Notice that the HTTP request includes a peer’s unique name (a long random string) and a port number, but notably does not include an IP address for that client. It’s an optional parameter in the specification that many BitTorrent clients don’t include. (In fact, even if the request includes this IP parameter, some trackers ignore it.) Instead, the tracker records the network-level IP address from where the HTTP request originated (the other end of the TCP connection), together with the supplied port, as the peer’s network address.

When this request is via an HTTP proxy, things go wrong. Here, the BitTorrent client is connecting to an HTTP proxy, which in turn is connecting to the tracker. So this practice results in the tracker recording an unusable address: the combination of the proxy’s IP and the client’s port. Needless to say, the proxy isn’t running BitTorrent, let alone on that particular (often randomized) port. Not only does this design damage the client’s BitTorrent experience—other clients won’t initiate communication with it, leading to fewer opportunities for “tit-for-tat” data exchanges—but this also damages the entire swarm’s performance: Others’ requests to this hybrid address will all fail (typically with an RST response to the TCP connection request). I was rather surprised to find this flaw in the BitTorrent specification.

So how is this related to CoralCDN and the VPA? For whatever reason, some publisher started including a Coralized URL for the tracker’s location, as shown above (http://denis.stalker.h3q.com.6969.nyud.net/).
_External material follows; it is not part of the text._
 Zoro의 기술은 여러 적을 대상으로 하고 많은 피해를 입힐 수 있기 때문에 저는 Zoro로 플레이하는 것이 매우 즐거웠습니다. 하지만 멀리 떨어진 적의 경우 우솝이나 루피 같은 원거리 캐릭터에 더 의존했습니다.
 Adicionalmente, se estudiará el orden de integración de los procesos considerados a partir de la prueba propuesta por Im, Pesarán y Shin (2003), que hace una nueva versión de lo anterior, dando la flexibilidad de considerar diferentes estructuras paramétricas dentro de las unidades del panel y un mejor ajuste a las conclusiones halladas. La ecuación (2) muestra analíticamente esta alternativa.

I could only surmise why this was done: perhaps on the (mistaken) assumption that it would reduce load on the server, or perhaps in the hope of offloading abuse complaints to CoralCDN servers. The latter might have been useful if copyright enforcement agencies were going after the trackers, instead of the participating peers. In fact, we initially thought this was the case when these pre-settlement letters from the VPA started rolling in. More careful analysis, however, exposed the above problem: when the BitTorrent URL was Coralized, peers’ requests to the tracker were issued via CoralCDN HTTP proxies. Thus, the tracker built up a list of peer addresses of the form (CoralCDN IP : peer port), where these CoralCDN IPs correspond to PlanetLab servers located at various universities.

Hence, when the VPA began sending out pre-settlement letters claiming infringement, they sent them to network operators at tens of universities, who turned around and forwarded them to PlanetLab’s central operations and me.
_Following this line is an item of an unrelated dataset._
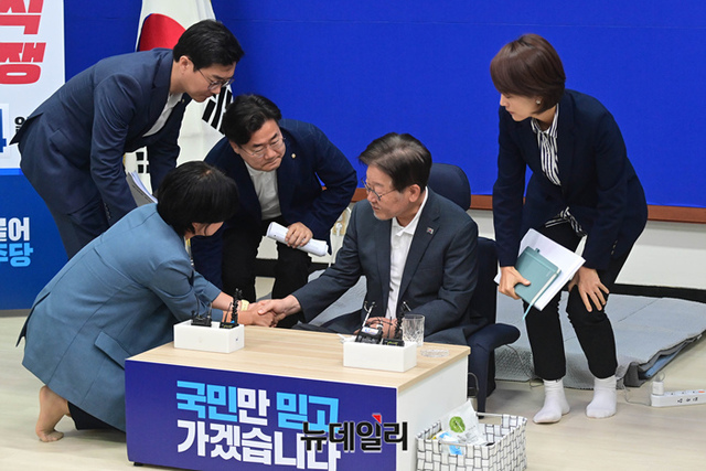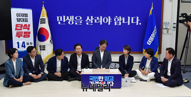 [포토] 농성장서 최고위원들 만나는 이재명 대표
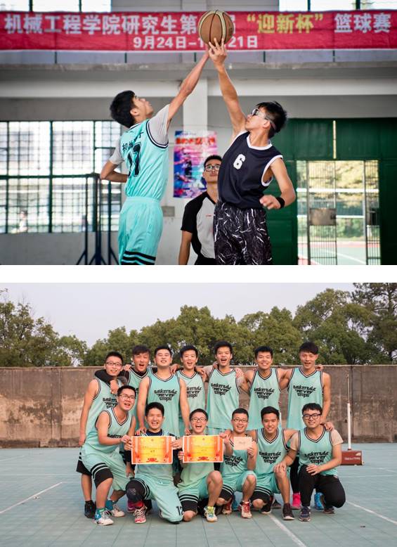 下午3点整,扣人心弦的决赛正式开始!因为赛前双方队员都做了充足的热身,所以哨声响起的瞬间队员们迅速进入了比赛状态。双方队员你来我挡,你争我抢,场上进行的甚是激烈,场下观众亦是鼓声连连,好不热闹。上半场结束时机电队以微弱优势暂时领先。中场休息的时候,进行了激动人心的路人王挑战赛,最终化机队的李云迪赢得了最终的路人王称号。下半场战况更加激动人心,机电队即在开场连连罚球,命中率极高,因此士气大涨。最后机电队以44:31赢得本场比赛,获得机械工程学院研究生第八届“迎新杯”冠军!

What is particularly striking about this case, however, is that these reports were demonstrably false! There was no BitTorrent client running at the specified address (in the above letter, 128.31.1.13:40951), for precisely the reasons I discuss. Thus, we can fairly definitively conclude that the VPA never actually tested the peer for actual infringement: not even by trying to connect to the client’s address, let alone determining whether the client was actually uploading or download any data, and let alone valid data corresponding to the copyrighted file in question.

This begs the question as to what should be required for a company to issue a DMCA notification and pre-settlement letters that assert:

Someone using this account has engaged in illegal copying or distribution (downloading or uploading)…The information in this notification is accurate. We have a good faith belief that use of the material in the manner complained of herein is not authorized by the copyright owner.
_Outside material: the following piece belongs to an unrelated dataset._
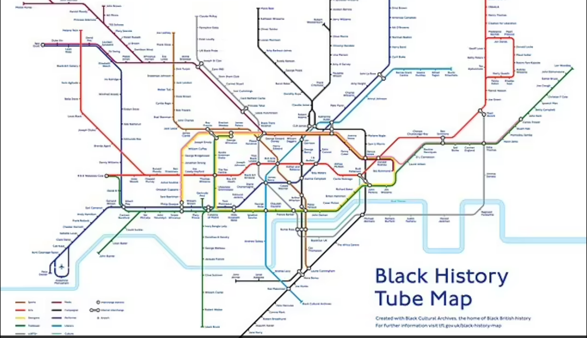 “Black history is London’s history,” he said, “and this reimagination of the iconic Tube map celebrates the enormous contribution black people have made, and continue to make, to the success of our city.
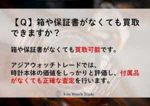 アジアウォッチトレードでは、時計本体の価値をしっかりと評価し、付属品がなくても正確な査定を行います。ただし、以下のような付属品が揃っている場合は、査定額が上がる可能性があります。

Of course, the incentives for the VPA to actually ensure that “this notification is accurate” are pretty clear. The cost of a false positive is currently nothing, and perhaps some innocent users will even “buy protection” to make this problem and the threat of costly litigation go away.

DISCOUNT VIDEO CENTER INC. believes that it may be beneficial to settle this matter without the need of costly and time-consuming litigation. We have been authorized to offer a reasonable settlement to resolve the infringement of the works listed above.

It appears that the VPA and other such agencies have been rather effective at getting some settlement money. Our personal experience with DMCA takedown notices is that network operators are suitably afraid of litigation. Many will pull network access from machines as soon as a complaint is received, without any further verification or demonstrative network logs. In fact, many operators also sought “proof” that we weren’t running BitTorrent or engaging in file sharing before they were willing to restore access. We’ll leave the discussion about how we might prove such a negative to another day, but one can point to the chilling effect that such notices have had, when users are immediately considered guilty and must prove their innocence.

I am not arguing that copyright owners should not be able to take reasonable steps to protect their copyrighted material. I am arguing, however, that they should take similarly reasonable steps to ensure that any claimed infringement actually took place. When DMCA notices are accompanied by oaths under “penalty of perjury” and these claims are accepted as writ, as they have de facto become, there should some downside for agencies that demonstrably do not act in “good faith” to verify infringement. Even a simple TCP connection attempt would have been enough to dispel their flawed assumptions. That currently seems to be too much to ask.

Update (Dec 15): A follow-up post can be found here.

A Freedom-of-Speech-based Approach To Limiting Filesharing – Part III: Smoke, smoke!

Over the past two days we have seen that filesharing is vulnerable to spamming, and that as a defense, the filesharers have used the IP block list to exclude the spammers from sharing files. Today I discuss how I think lawyers and laypeople should look at the legal issues. Since I am most decidedly not a lawyer, nothing I say here should be considered definitive. Hopefully, it is at least interesting.

An analogy:

Washington Square, in New York City, was for many years a place where drugs were sold. A fellow would stand around quietly saying to passersby “Smoke, smoke!” However, this so-called “steerer” held no drugs. His role was simply to direct the buyer to the “pitcher”, who had the drugs somewhere nearby, and who kept silent.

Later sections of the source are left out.